5. Quantitative Results: Reasoning Gains and Training Dynamics
Substantial improvements are observed after zero RL, as measured by Pass@1 (percentage of correct first attempts) and generalization metrics:
| Model | Base Avg (%) | SimpleRL-Zoo Avg (%) | Δ |
|---|---|---|---|
| Llama-8B | 10.6 | 22.0 | +11.4 |
| DeepSeek-7B | 11.3 | 29.2 | +17.9 |
| Mistral-7B | 5.3 | 18.6 | +13.3 |
| Mistral-24B | 27.6 | 49.6 | +22.0 |
| Qwen-0.5B | 12.1 | 20.9 | +8.8 |
| Qwen-1.5B | 18.5 | 36.1 | +17.6 |
| Qwen-7B | 40.3 | 55.2 | +14.9 |
| Qwen-Math-7B | 37.2 | 59.5 | +22.3 |
| Qwen-14B | 43.2 | 56.8 | +13.6 |
| Qwen-32B | 45.9 | 61.9 | +16.0 |
On generalization benchmarks: Mistral-24B improves from 25.0% to 55.3% (+30.3), Llama-8B from 23.6% to 32.6% (+9.0), DeepSeek-7B from 18.7% to 34.1% (+15.4), Qwen-32B from 46.7% to 60.6% (+13.9).
Notably, the pass@k gap widens post-RL, with Mistral-24B's base pass@8 ≈ 60% versus post-RL pass@1 ≈ 65%, consistent with genuine capability gains rather than reranking. Average response length increases significantly (e.g., DeepSeek-7B from ~300 to ~1,200 tokens), yet this does not always correlate with cognitive behavior emergence.
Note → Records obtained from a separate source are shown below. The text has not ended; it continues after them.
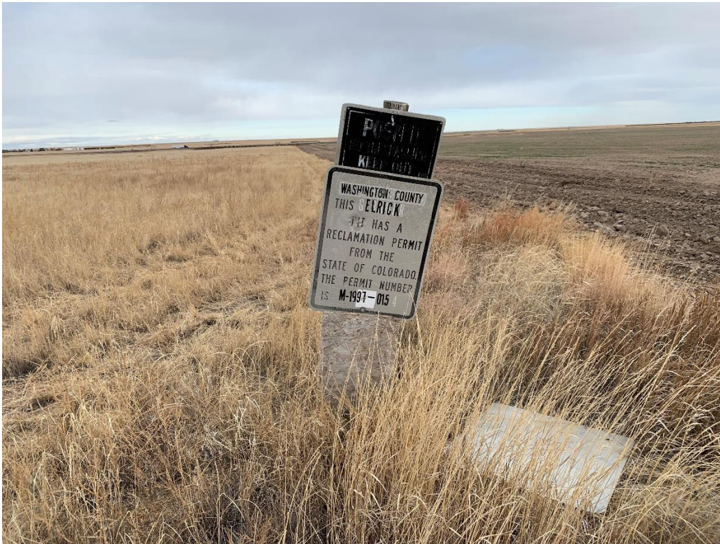
Photo 1- Mine entrance sign facing CR 40, facing north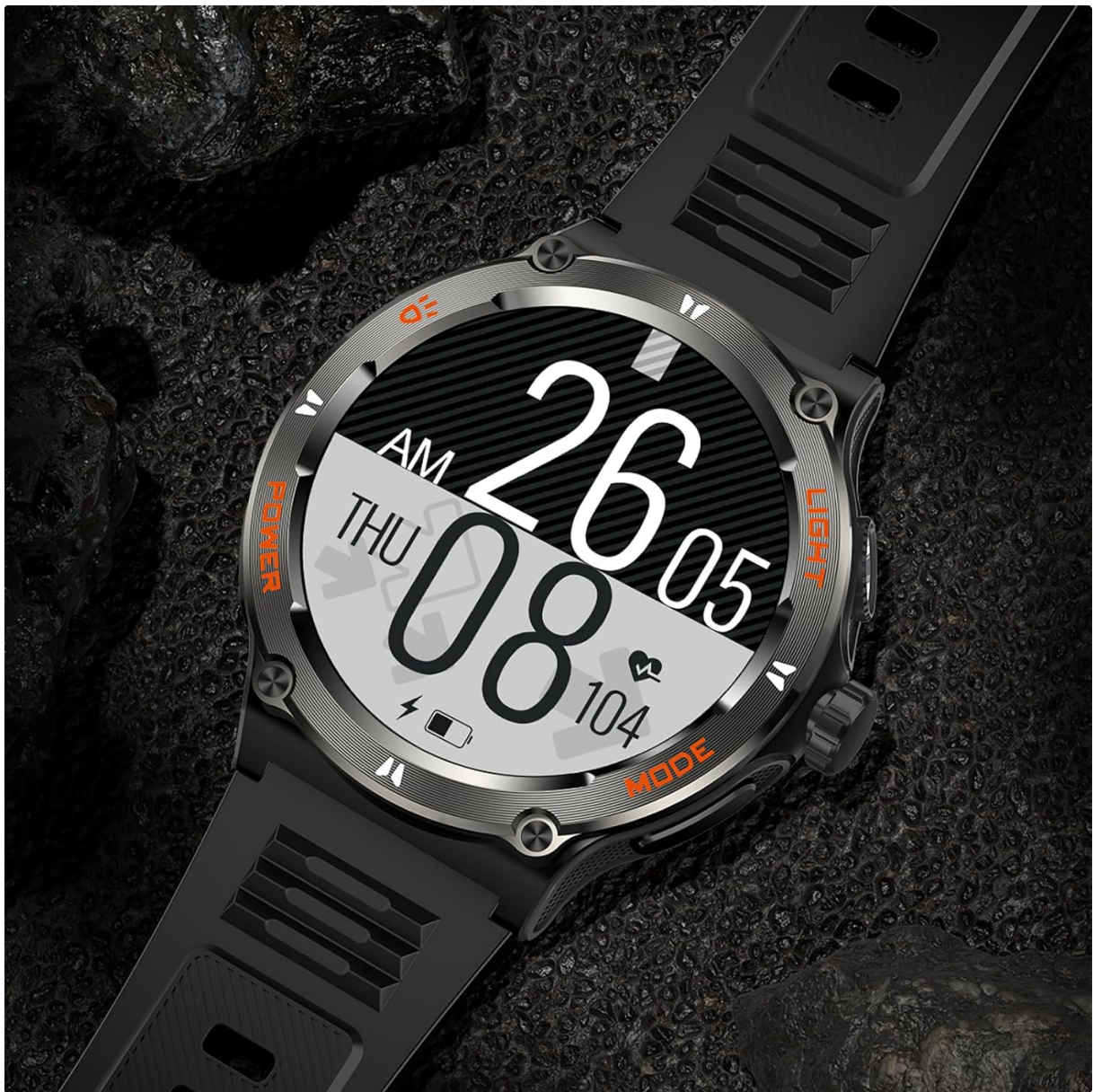
Image: Watch display showing time, date, and heart rate.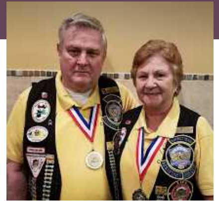
2018-2019 COY Assistant District Directors

Clip ratio is maintained <5% except in unstable models.
6. Cognitive Behavior Tracking and "Aha Moment" Emergence
SimpleRL-Zoo performs explicit cognitive behavior analysis using GPT-4o and the "Cognitive Behaviors" framework, labeling responses for subgoal setting, enumeration, verification, and backtracking. Model-specific patterns are revealed:
- Qwen-2.5 (7B/32B): Already strong reasoning, minimal change in verification/backtracking.
- Mistral-24B, Llama-8B, DeepSeek-7B: Verification & backtracking rise from ~0% to ≈50% of responses, indicating bona fide "aha moments."
- Qwen-0.5B/1.5B: Marked increases in subgoal setting and enumeration.
- Mistral-v0.1-7B: Unstable training, low behavior rates, collapse.
For example, after RL training, Mistral-24B evolves from producing straight-line CoT to exhibiting systematic root solving, constraint checking, and solution revision—demonstrating reflective reasoning.
7. Best Practices, Implications, and Open Resources
Principal findings are as follows:
- Increased response length does not equate to advanced reasoning; behaviors must be tracked directly.
- Rigid format rewards constrain exploration; correctness-only reward fosters emergent cognition.
- Data difficulty must be matched to model capability to prevent collapse or stagnation.
- Applying zero RL directly yields improved reasoning; SFT on short CoT data prior to RL impedes exploration.
- Large sampling sizes () and higher exploration temperature enable stable learning.
- Zero RL reliably boosts pass@k by 10–30 points, with evidence for genuine capability enhancement over superficial reranking.
SimpleRL-Zoo provides open-source code and resources (https://github.com/hkust-nlp/simpleRL-reason), including verl/HybridFlow training scripts, all model checkpoints, and cognitive behavior analysis notebooks to facilitate reproducibility and further study (Zeng et al., 24 Mar 2025).